Your task: Start at the top of the records and, please, print each line exactly through the line that contains "Senkrechtstarter, Überflieger, Querfeldein.", leaving out all pictures.

Collected data:
____
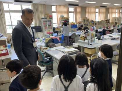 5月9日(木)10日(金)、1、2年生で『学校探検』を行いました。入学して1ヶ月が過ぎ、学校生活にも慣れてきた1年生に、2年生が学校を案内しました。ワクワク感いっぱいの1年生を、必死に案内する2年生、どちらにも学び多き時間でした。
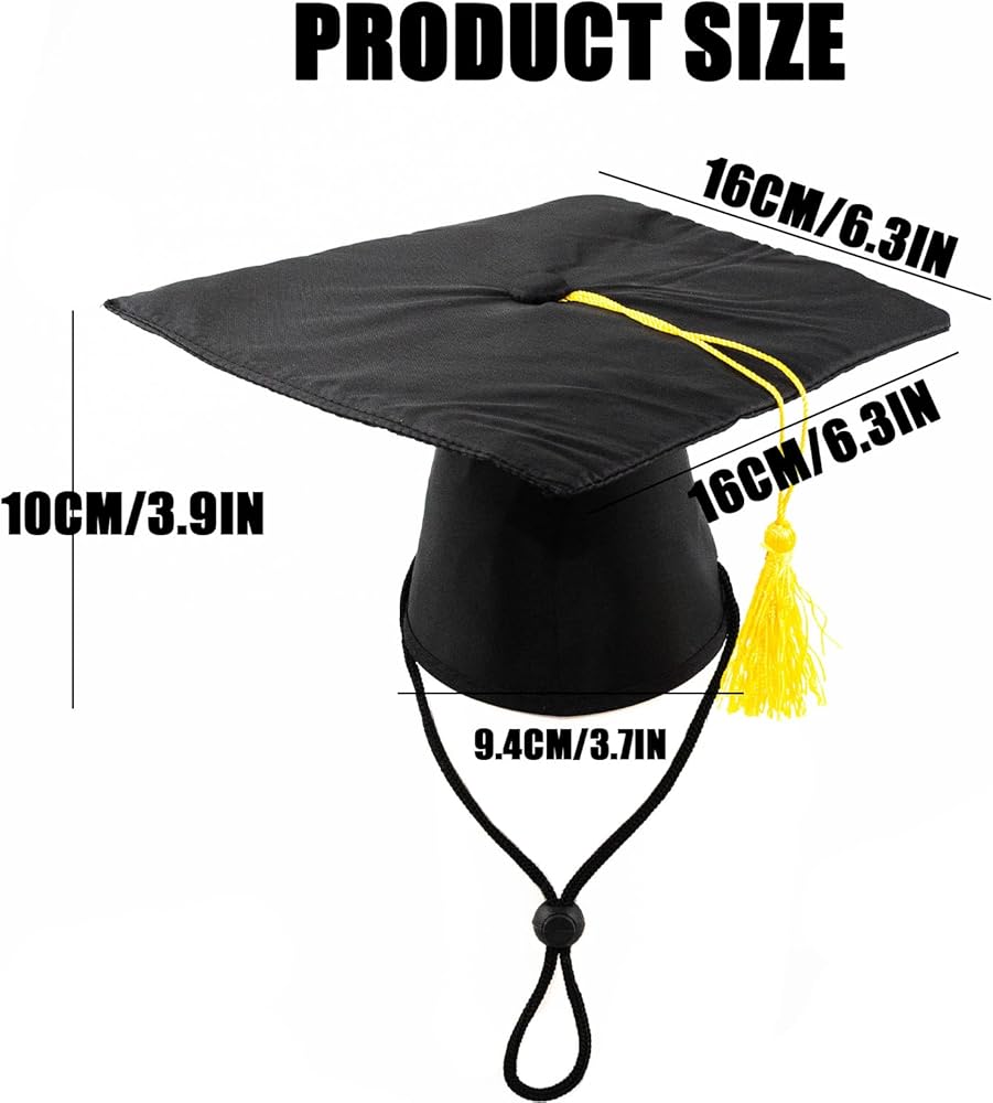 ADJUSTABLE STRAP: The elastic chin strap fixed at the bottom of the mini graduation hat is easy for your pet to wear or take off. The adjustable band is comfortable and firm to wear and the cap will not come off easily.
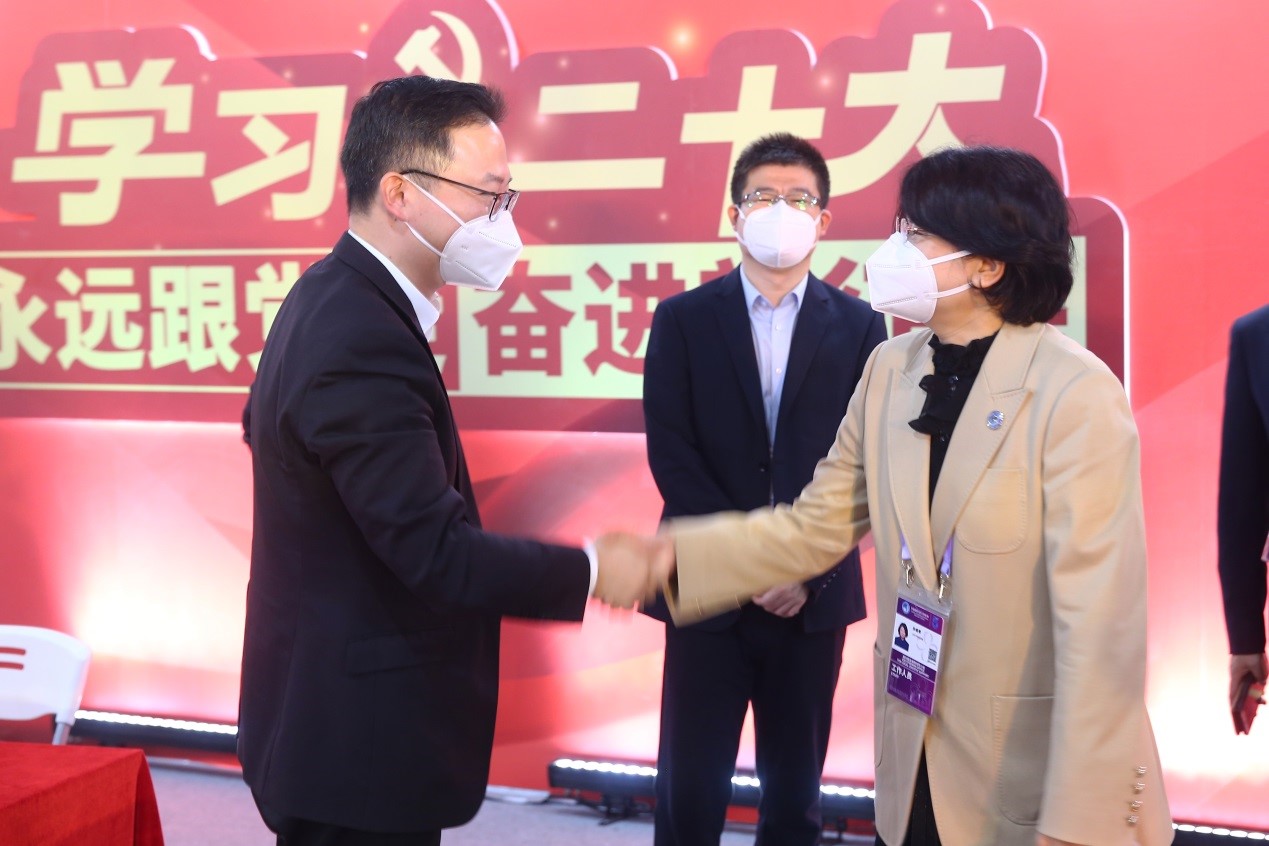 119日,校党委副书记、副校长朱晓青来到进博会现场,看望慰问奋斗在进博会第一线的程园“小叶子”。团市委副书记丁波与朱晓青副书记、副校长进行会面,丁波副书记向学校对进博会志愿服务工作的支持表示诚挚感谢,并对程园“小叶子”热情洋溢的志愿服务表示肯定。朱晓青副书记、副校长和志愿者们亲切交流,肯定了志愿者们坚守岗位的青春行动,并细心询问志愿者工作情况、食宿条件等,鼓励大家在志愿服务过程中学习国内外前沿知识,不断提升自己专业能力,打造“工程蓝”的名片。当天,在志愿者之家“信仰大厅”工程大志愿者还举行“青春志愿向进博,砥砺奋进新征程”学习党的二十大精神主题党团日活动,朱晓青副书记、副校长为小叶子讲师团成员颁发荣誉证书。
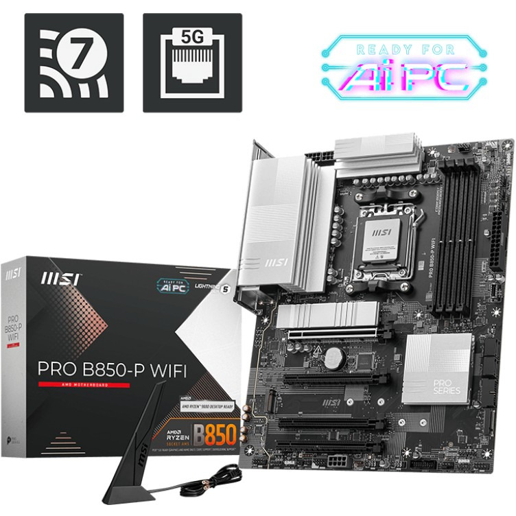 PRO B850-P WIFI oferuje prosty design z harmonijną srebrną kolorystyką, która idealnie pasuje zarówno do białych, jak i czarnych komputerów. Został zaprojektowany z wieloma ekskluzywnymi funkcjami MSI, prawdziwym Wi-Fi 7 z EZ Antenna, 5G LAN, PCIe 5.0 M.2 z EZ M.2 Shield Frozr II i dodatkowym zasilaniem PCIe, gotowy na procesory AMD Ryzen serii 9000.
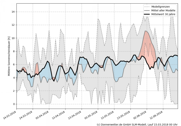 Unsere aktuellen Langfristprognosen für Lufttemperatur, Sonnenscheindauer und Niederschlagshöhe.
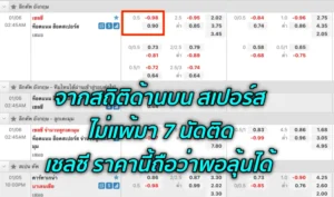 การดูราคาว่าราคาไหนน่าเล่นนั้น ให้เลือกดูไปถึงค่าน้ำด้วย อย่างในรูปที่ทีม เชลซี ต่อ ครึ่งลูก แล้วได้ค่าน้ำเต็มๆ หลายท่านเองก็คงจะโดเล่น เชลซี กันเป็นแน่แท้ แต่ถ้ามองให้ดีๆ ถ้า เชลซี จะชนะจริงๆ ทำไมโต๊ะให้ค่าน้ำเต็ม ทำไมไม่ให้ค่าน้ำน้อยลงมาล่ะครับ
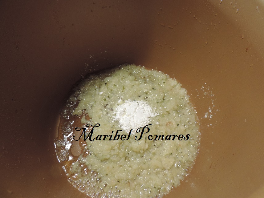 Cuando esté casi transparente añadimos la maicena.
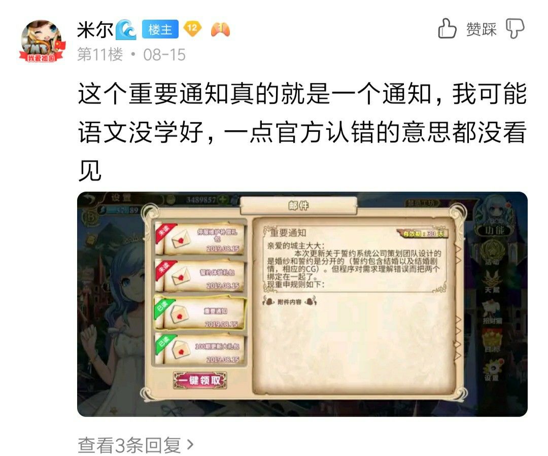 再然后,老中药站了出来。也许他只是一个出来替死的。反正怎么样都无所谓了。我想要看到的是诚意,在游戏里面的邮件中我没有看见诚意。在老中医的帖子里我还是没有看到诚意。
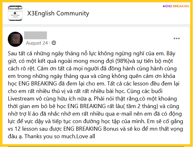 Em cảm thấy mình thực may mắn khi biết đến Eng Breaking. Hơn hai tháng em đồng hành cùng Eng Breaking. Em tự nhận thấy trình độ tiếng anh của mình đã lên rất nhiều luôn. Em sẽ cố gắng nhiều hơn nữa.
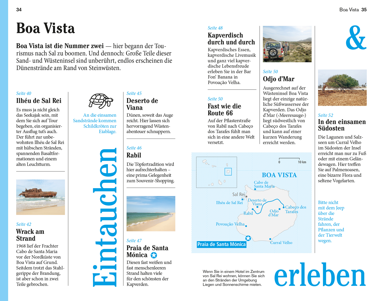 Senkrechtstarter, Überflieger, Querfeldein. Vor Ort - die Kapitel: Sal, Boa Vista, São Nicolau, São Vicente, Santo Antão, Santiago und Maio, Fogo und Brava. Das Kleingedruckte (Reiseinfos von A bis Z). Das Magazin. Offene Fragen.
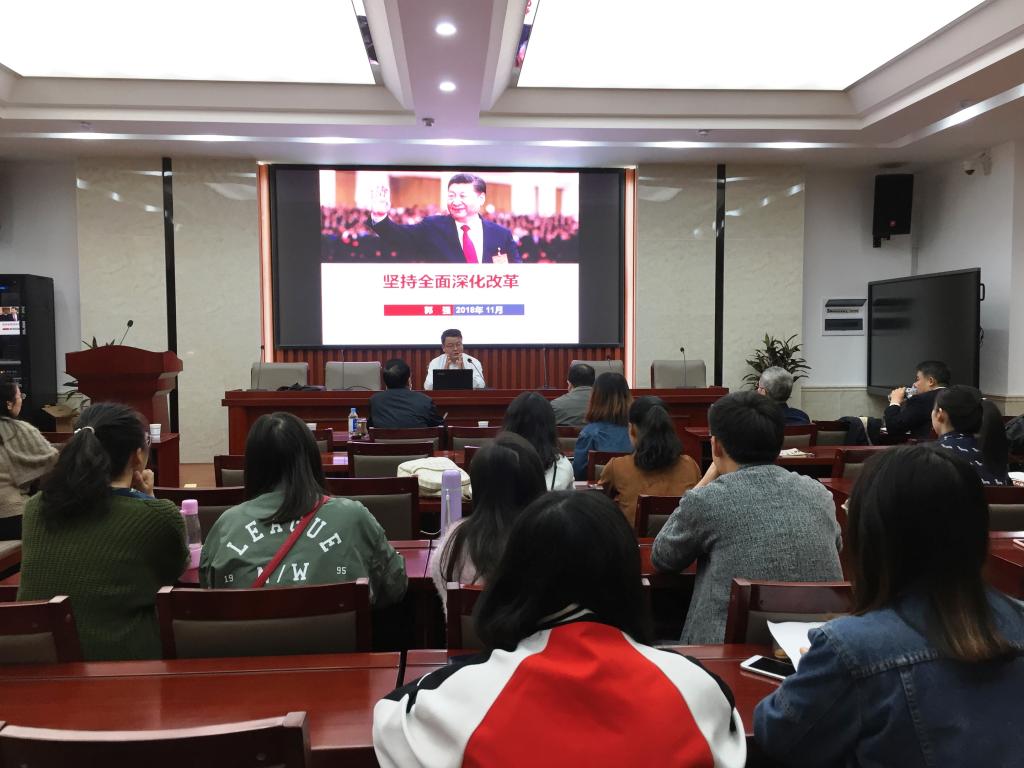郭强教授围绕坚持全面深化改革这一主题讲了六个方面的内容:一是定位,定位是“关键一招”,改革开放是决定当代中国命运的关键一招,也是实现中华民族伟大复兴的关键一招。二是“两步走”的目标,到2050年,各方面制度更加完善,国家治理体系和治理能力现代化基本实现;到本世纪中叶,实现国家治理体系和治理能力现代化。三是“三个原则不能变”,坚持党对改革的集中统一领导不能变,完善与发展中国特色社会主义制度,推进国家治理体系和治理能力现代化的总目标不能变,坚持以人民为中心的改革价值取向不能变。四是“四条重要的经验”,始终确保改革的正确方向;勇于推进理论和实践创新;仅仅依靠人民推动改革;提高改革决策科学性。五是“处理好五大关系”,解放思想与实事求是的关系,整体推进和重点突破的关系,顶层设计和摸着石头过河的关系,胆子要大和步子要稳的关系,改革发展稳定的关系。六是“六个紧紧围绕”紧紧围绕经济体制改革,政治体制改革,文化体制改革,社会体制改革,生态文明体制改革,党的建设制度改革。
____
Answer for the task:
 5月9日(木)10日(金)、1、2年生で『学校探検』を行いました。入学して1ヶ月が過ぎ、学校生活にも慣れてきた1年生に、2年生が学校を案内しました。ワクワク感いっぱいの1年生を、必死に案内する2年生、どちらにも学び多き時間でした。
 ADJUSTABLE STRAP: The elastic chin strap fixed at the bottom of the mini graduation hat is easy for your pet to wear or take off. The adjustable band is comfortable and firm to wear and the cap will not come off easily.
 119日,校党委副书记、副校长朱晓青来到进博会现场,看望慰问奋斗在进博会第一线的程园“小叶子”。团市委副书记丁波与朱晓青副书记、副校长进行会面,丁波副书记向学校对进博会志愿服务工作的支持表示诚挚感谢,并对程园“小叶子”热情洋溢的志愿服务表示肯定。朱晓青副书记、副校长和志愿者们亲切交流,肯定了志愿者们坚守岗位的青春行动,并细心询问志愿者工作情况、食宿条件等,鼓励大家在志愿服务过程中学习国内外前沿知识,不断提升自己专业能力,打造“工程蓝”的名片。当天,在志愿者之家“信仰大厅”工程大志愿者还举行“青春志愿向进博,砥砺奋进新征程”学习党的二十大精神主题党团日活动,朱晓青副书记、副校长为小叶子讲师团成员颁发荣誉证书。
 PRO B850-P WIFI oferuje prosty design z harmonijną srebrną kolorystyką, która idealnie pasuje zarówno do białych, jak i czarnych komputerów. Został zaprojektowany z wieloma ekskluzywnymi funkcjami MSI, prawdziwym Wi-Fi 7 z EZ Antenna, 5G LAN, PCIe 5.0 M.2 z EZ M.2 Shield Frozr II i dodatkowym zasilaniem PCIe, gotowy na procesory AMD Ryzen serii 9000.
 Unsere aktuellen Langfristprognosen für Lufttemperatur, Sonnenscheindauer und Niederschlagshöhe.
 การดูราคาว่าราคาไหนน่าเล่นนั้น ให้เลือกดูไปถึงค่าน้ำด้วย อย่างในรูปที่ทีม เชลซี ต่อ ครึ่งลูก แล้วได้ค่าน้ำเต็มๆ หลายท่านเองก็คงจะโดเล่น เชลซี กันเป็นแน่แท้ แต่ถ้ามองให้ดีๆ ถ้า เชลซี จะชนะจริงๆ ทำไมโต๊ะให้ค่าน้ำเต็ม ทำไมไม่ให้ค่าน้ำน้อยลงมาล่ะครับ
 Cuando esté casi transparente añadimos la maicena.
 再然后,老中药站了出来。也许他只是一个出来替死的。反正怎么样都无所谓了。我想要看到的是诚意,在游戏里面的邮件中我没有看见诚意。在老中医的帖子里我还是没有看到诚意。
 Em cảm thấy mình thực may mắn khi biết đến Eng Breaking. Hơn hai tháng em đồng hành cùng Eng Breaking. Em tự nhận thấy trình độ tiếng anh của mình đã lên rất nhiều luôn. Em sẽ cố gắng nhiều hơn nữa.
 Senkrechtstarter, Überflieger, Querfeldein. Vor Ort - die Kapitel: Sal, Boa Vista, São Nicolau, São Vicente, Santo Antão, Santiago und Maio, Fogo und Brava. Das Kleingedruckte (Reiseinfos von A bis Z). Das Magazin. Offene Fragen.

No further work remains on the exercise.